Как понял Ремингтон, всё пахло мало жаренным, все пахло уже весьма пригоревшим. Пригоревшим шлемом электрического стула, что чувствительную кожу головы превратит в стейк…

«И я должен не только за партию теперь, но ещё и деньги Фраю. Как так умудрился?», — смешок вырвался непроизвольно.

— Смейся, пока зубы целы, — голова его резким движением за затылок была поднята обратно, и ладонь грубая примерилась к челюсти, однако сейчас ощущение дискомфорта позволяло предположить, что вылетела. И движения в противоположную для смены положения результатов не приносили. — Твоей смертью ничего не решишь, согласись? — наконец, имя одного он удосужился услышать из уст второго на манер, чего он с ним возится, деньги не за это им отдадут, но тот лишь недовольно цыкнул. Чего ему имя, ищи-свищи, а толку-то, как от ушей дохлого ишака. — А вот послужить можешь… Будут соображения по решению этого вопроса?

— Спокойнее, — пресёк резко Ремингтон, своевольно однако не дергаясь, если они оставляют следы, то просто так не отпустят, хотя не исключено, что били избирательно по лицу на тот случай, если он захочет куда-то выйти, но уже не сделает из стратегических соображений. — Обойдёмся без рукоприкладства, — произнёс Винсент с улыбкой.

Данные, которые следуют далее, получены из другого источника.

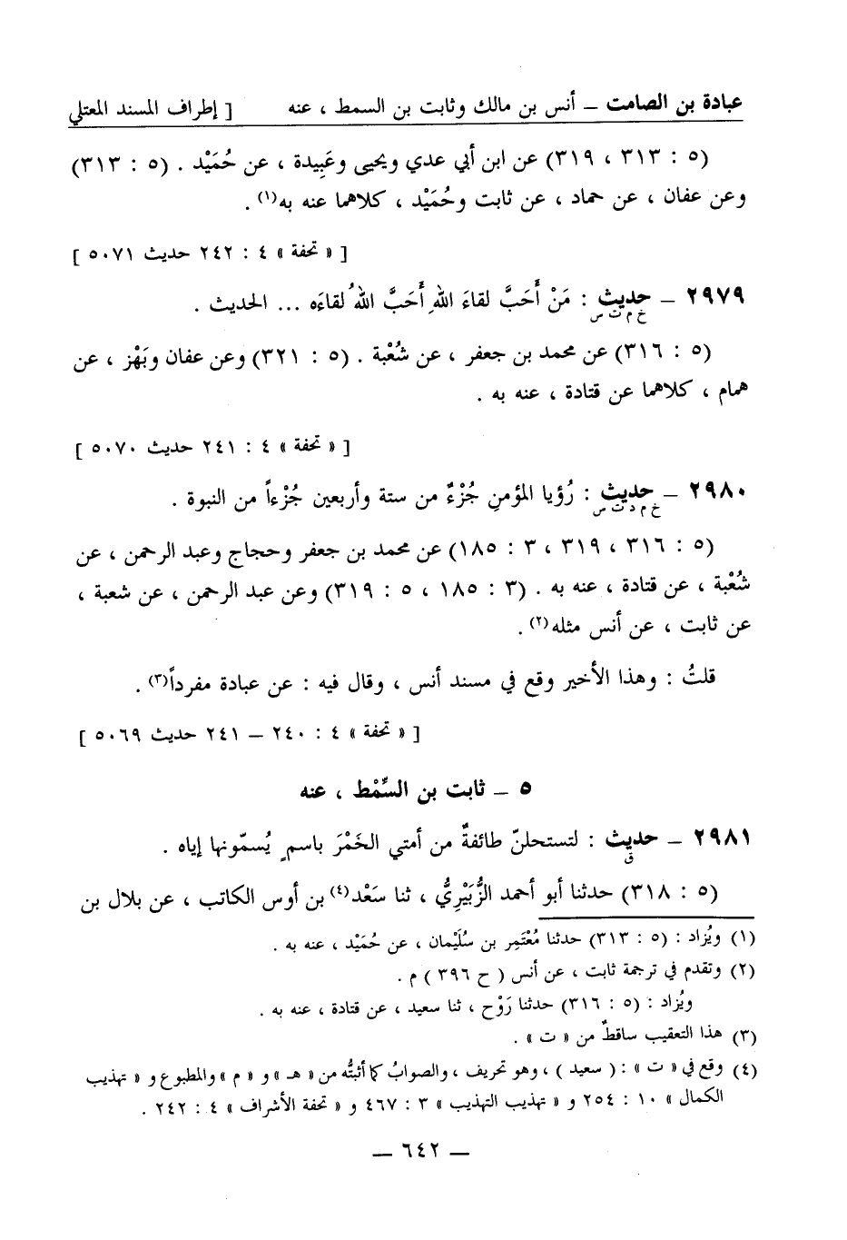 2979 -[خ م ت س] حديث: من أحب لقاء الله أحب الله لقاءه ... الحديث. (5: 316) عن محمد بن جعفر، عن شعبة. (5: 321) وعن عفان وبهز، عن همام، كلاهما عن قتادة، عنه به.

— Это уже решаем мы, — сухо сказал второй мужчина. — А ты умный, реши, что поможет твоему положению, исходя из ранее сказанного, — для головы раскалывающейся это было пыткой. Эти психологические уловки действовали скорее на организм, что натянулся струной, нежели на психику, но…

Мысли в голове ходили разные, пока сталь ножа мазала по щеке мягко, не надавливая, даже как-то бережно, точно уже совершенное ранее от эмоционального напряжения было лишнее. Если он будет строить из себя героя, то умрет при компании и почестях… Да только оно ему не будет нужно с простреленной головой. У савана карманов нет. А жить всем хочется, стоит ли это того?

— Я мог бы… Стать готовым переписать компанию на Фрая хоть сейчас, но с гарантией полной, что я останусь живым и моему существованию это мешать не будет, — проговорил слегка сбивчиво. Он мог бы, безусловно, начать выказывать своё положение, но не до хорошего же. Он отыграется, и на нём отыграются, и не от большего зла идет меньшее. Ну, и конечно, Ремингтон не Ремингтон, говоря это с надеждой нагадить Фраю. Не за одним Фраем кто-то стоит, одна проблема: эти люди и за Ремингтоном стоят, велика вероятность одни и те же, что предпочтут остаться в стороне.

Адам, первый, более крепкий мужчина, от которого веяло грубой силой, напоминал ему человека военного. «С опиумных?», — но после этой реплики на его лице отразилось замешательство, и повисла такая тишина, что слышно было, как в собственном желудке что-то барахталось.

— Вас к телефону, — оповестил вошедший мужчина, что отлучался на достаточное количество времени, оставляя графа наедине со своими мыслями. — Не вас, а его, — кивнул головой на Винсента, что изогнул лишь бровь на моменте скептично. Он вытерпел специфическую паузу, не соображая, что к чему, точно сидел над обломками какого-то строения, именуемого его жизнью. Мужчина уронил едкий смешок, не без интереса приложил трубку на длинном шнуре к уху Винсента, будто бы специально царапающе задевая кожу короткими ногтями.

— У вас тут незакрытая поставка, — Ремингтон дождался первой реплики с того конца провода, прислушиваясь к слабому гудению, голос стал доходить не сразу. Но всё же достаточно узнаваемый. — Вы думаете, я идиот, Винсент? Я вас из-под земли достану, если ещё раз попробуете что-то такое провернуть. На каждого глупца найдётся ещё глупее, обратное, сами понимаете, то же самое, не копай другому яму… А ваша жизнь вот у меня в кулаке, вот держу.

— Что вам нужно? — сдержанно поинтересовался Ремингтон.

— Всего-то справедливости, — было сказано с большой расстановкой. — И хотя судьба не всегда бывает справедливой, её повороты не лишены юмора.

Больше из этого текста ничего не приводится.